Early computer stocks showed up. AST, Commodore, Encore, Tandy, Wang Laboratories, moved into the indexes. Royal Typewriter, Magnavox, National Cash Register, and hundreds of others, moved out.

In the 1990s, the latest wave of high-tech companies came on the scene. The early computer companies all but disappeared. Biotech companies, aerospace companies, cable TV companies, moved into the indexes to replace them.

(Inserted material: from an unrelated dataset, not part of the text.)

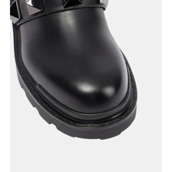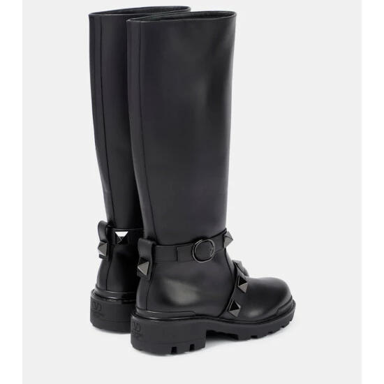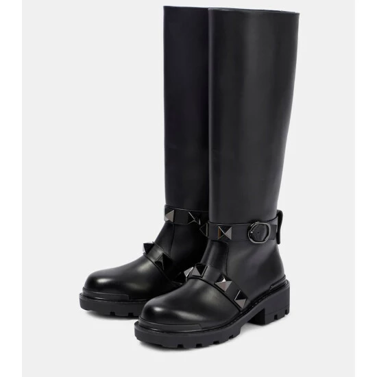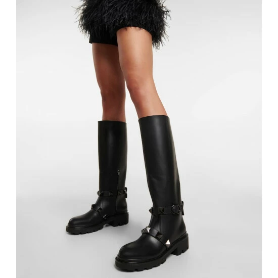 Opt for a tough-luxe approach to footwear with the Roman Stud leather knee-high boots from Valentino Garavani. Set on lugged rubber soles, the black style is accented with buckles and signature plated studs.

The retail sector changed dramatically. Previously hot Woolworth, Montgomery Ward, Grants, were bumped to make room for WalMart, TOYS R US, Best Buy. Sears was recently bumped out to make room for Home Depot. Newly hot stocks MGM, Hilton Hotels, Marriott moved in. Suddenly out of favor Howard Johnson and Playboy moved out. Disney, Brunswick, Calloway Golf became part of the indexes. Chriscraft, Polaroid, and others virtually disappeared.

The point is what does it really mean, to say the market always comes back, if the indexes that supposedly prove that fact are constantly altered to include only the stocks that are the strongest at the time, while many of the popular stocks of the previous bull market, which investors really need to come back, have been dropped from the record, and in some cases no longer exist?

Almost none of this bull market's best performing stocks, the likes of Microsoft, Dell, Intel, WalMart, Home Depot, etc., even existed in the last bull market. How many new companies that currently exist only in the imaginations of a couple of guys or gals working in their parent's garages will fuel the next bull market?

Which currently strong stocks won't be around? Which are already on their way out to make room for Internet stocks?

My point is, don't let a deceptive slogan like "the market always comes back" lull you into a false sense of security that becomes a substitute for thoughtful portfolio and risk management.